→ **WHAT THIS TASK INVOLVES**:
Only the lines from the one containing "防腐、防蟻試験により、サーモ" through the one containing "当日は午前6時から22名の部" should be printed, exactly as they appear below, with both ends included.

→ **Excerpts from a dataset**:

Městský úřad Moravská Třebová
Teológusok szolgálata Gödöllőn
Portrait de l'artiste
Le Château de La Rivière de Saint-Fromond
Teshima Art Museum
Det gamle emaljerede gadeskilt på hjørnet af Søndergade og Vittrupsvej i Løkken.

* * *

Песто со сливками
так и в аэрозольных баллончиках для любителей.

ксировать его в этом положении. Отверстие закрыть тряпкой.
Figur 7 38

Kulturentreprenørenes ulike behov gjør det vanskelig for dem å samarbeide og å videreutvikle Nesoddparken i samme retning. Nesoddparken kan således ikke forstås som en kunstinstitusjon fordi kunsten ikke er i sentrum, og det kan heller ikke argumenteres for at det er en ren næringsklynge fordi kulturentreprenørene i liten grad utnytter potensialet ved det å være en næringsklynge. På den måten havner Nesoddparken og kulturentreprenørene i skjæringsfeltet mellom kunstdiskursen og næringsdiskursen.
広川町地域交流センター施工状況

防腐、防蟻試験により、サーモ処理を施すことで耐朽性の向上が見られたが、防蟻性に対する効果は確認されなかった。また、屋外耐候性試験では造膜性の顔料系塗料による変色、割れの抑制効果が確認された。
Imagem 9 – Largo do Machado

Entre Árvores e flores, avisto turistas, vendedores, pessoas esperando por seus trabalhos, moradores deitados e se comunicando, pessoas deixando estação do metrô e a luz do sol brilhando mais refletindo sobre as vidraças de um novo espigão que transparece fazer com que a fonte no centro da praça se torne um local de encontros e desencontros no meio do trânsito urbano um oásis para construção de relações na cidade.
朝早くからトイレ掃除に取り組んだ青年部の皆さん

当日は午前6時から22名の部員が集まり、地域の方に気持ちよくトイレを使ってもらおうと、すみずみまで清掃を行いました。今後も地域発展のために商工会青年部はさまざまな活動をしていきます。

==

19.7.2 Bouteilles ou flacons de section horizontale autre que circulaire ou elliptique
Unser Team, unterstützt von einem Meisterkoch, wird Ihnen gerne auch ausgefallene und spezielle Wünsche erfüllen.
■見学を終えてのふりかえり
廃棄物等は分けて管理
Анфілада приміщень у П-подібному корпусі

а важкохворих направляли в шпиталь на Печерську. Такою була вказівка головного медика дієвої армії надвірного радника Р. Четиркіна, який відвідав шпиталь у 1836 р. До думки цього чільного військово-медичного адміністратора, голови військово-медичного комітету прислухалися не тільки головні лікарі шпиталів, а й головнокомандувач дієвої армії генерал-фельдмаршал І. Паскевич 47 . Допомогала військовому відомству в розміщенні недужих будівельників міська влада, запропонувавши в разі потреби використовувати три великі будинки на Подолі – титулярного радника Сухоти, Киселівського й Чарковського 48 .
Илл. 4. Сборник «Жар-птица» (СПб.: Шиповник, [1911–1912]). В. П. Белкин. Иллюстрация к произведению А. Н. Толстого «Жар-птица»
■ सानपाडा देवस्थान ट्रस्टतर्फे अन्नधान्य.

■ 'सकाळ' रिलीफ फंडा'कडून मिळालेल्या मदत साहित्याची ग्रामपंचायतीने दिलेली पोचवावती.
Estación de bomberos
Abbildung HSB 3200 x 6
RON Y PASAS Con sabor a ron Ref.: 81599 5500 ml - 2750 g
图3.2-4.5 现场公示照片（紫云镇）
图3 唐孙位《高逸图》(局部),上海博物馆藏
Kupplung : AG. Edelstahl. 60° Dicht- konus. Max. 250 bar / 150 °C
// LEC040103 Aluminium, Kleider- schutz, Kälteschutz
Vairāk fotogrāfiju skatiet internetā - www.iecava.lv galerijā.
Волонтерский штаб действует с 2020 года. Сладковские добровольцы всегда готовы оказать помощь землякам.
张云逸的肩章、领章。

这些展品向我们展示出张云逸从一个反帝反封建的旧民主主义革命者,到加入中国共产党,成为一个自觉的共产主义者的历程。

→ **WRITTEN ANSWER**:
防腐、防蟻試験により、サーモ処理を施すことで耐朽性の向上が見られたが、防蟻性に対する効果は確認されなかった。また、屋外耐候性試験では造膜性の顔料系塗料による変色、割れの抑制効果が確認された。
Imagem 9 – Largo do Machado

Entre Árvores e flores, avisto turistas, vendedores, pessoas esperando por seus trabalhos, moradores deitados e se comunicando, pessoas deixando estação do metrô e a luz do sol brilhando mais refletindo sobre as vidraças de um novo espigão que transparece fazer com que a fonte no centro da praça se torne um local de encontros e desencontros no meio do trânsito urbano um oásis para construção de relações na cidade.
朝早くからトイレ掃除に取り組んだ青年部の皆さん

当日は午前6時から22名の部員が集まり、地域の方に気持ちよくトイレを使ってもらおうと、すみずみまで清掃を行いました。今後も地域発展のために商工会青年部はさまざまな活動をしていきます。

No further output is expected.